*** Begin section ***
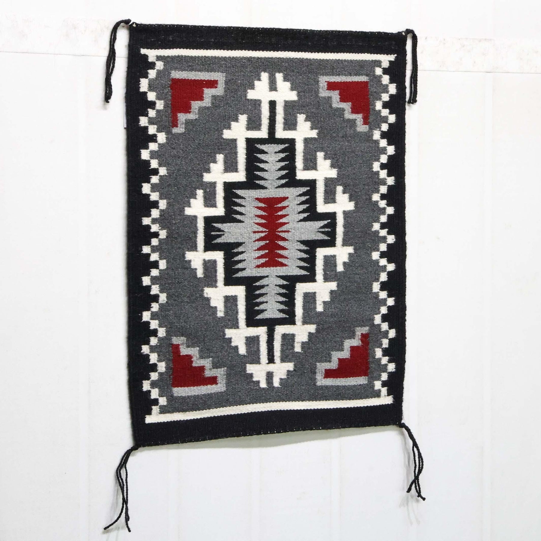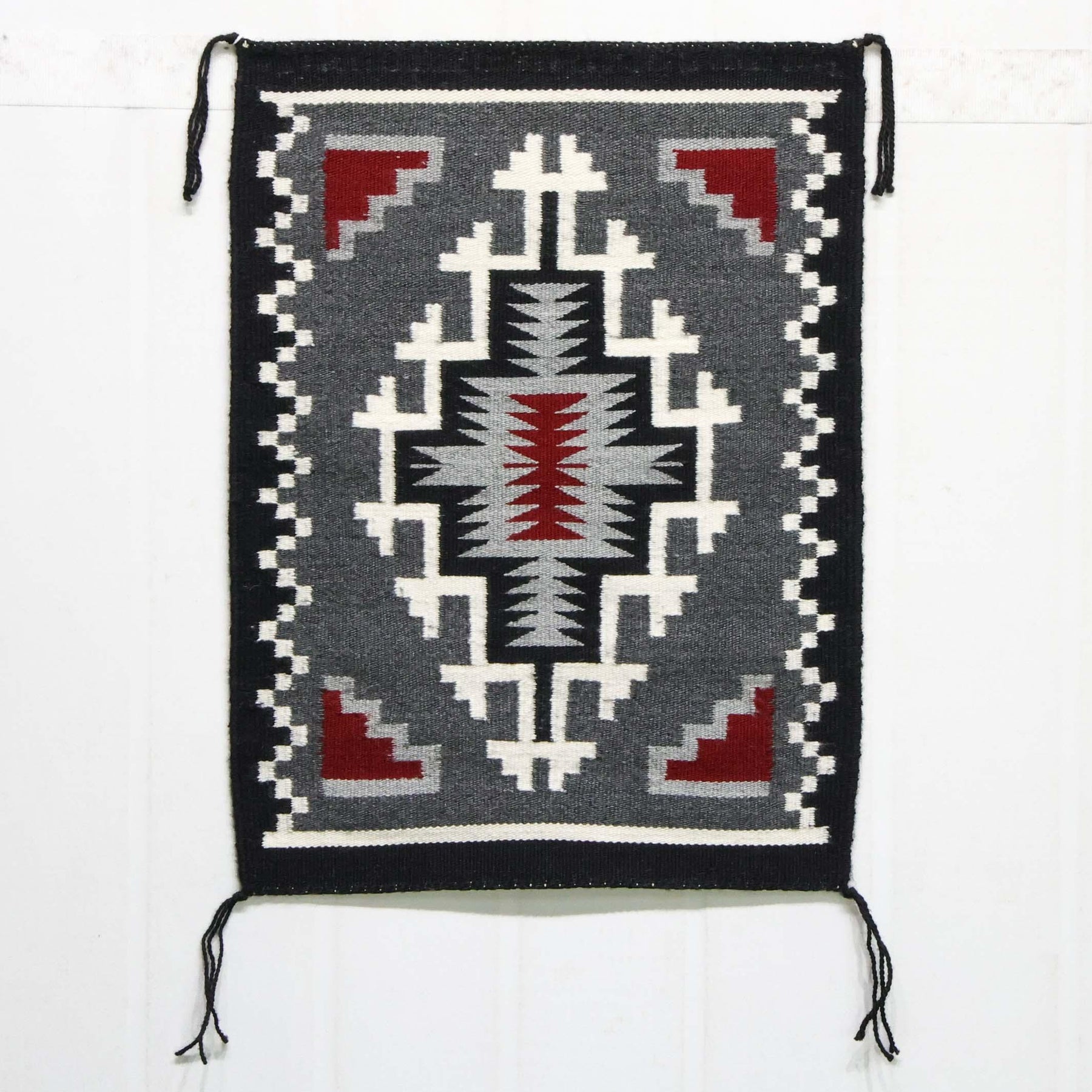 Handwoven Navajo Klagetoh Weaving with a Central Diamond Design and Red Accents.
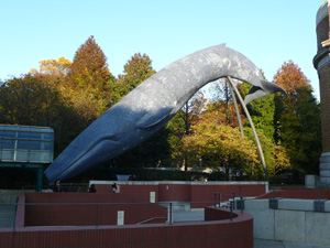 余談です: 上野に行くと必ずこのシロナガスクジラの彫刻(?)の前を通ります。これを見るたびに、
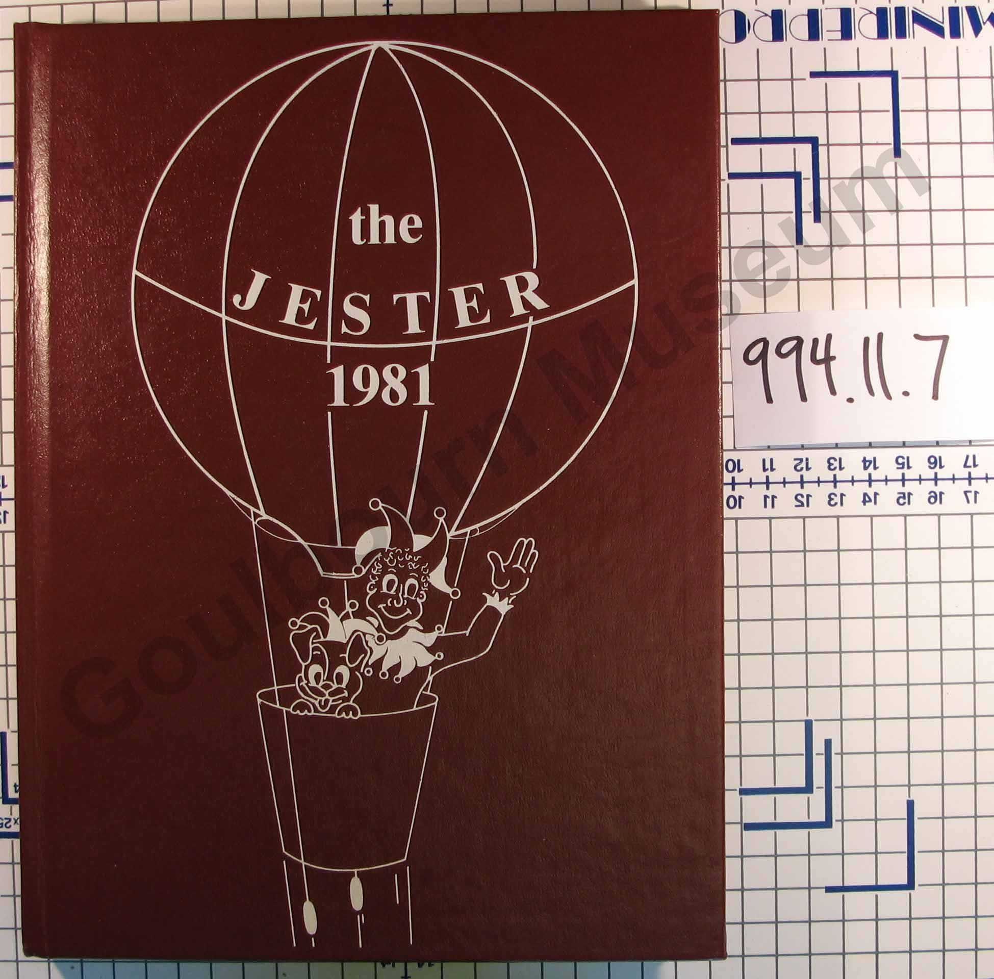 1981 yearbook from South Carleton High School. The front cover contains a depiction of a jester and a dog in a hot air balloon; "The Jester 1981" is written above in white lettering.
*** End section ***
# What this task involves
Transcribe each line of the material above verbatim, but do not include the images.

# Task result
 Handwoven Navajo Klagetoh Weaving with a Central Diamond Design and Red Accents.
 余談です: 上野に行くと必ずこのシロナガスクジラの彫刻(?)の前を通ります。これを見るたびに、
 1981 yearbook from South Carleton High School. The front cover contains a depiction of a jester and a dog in a hot air balloon; "The Jester 1981" is written above in white lettering.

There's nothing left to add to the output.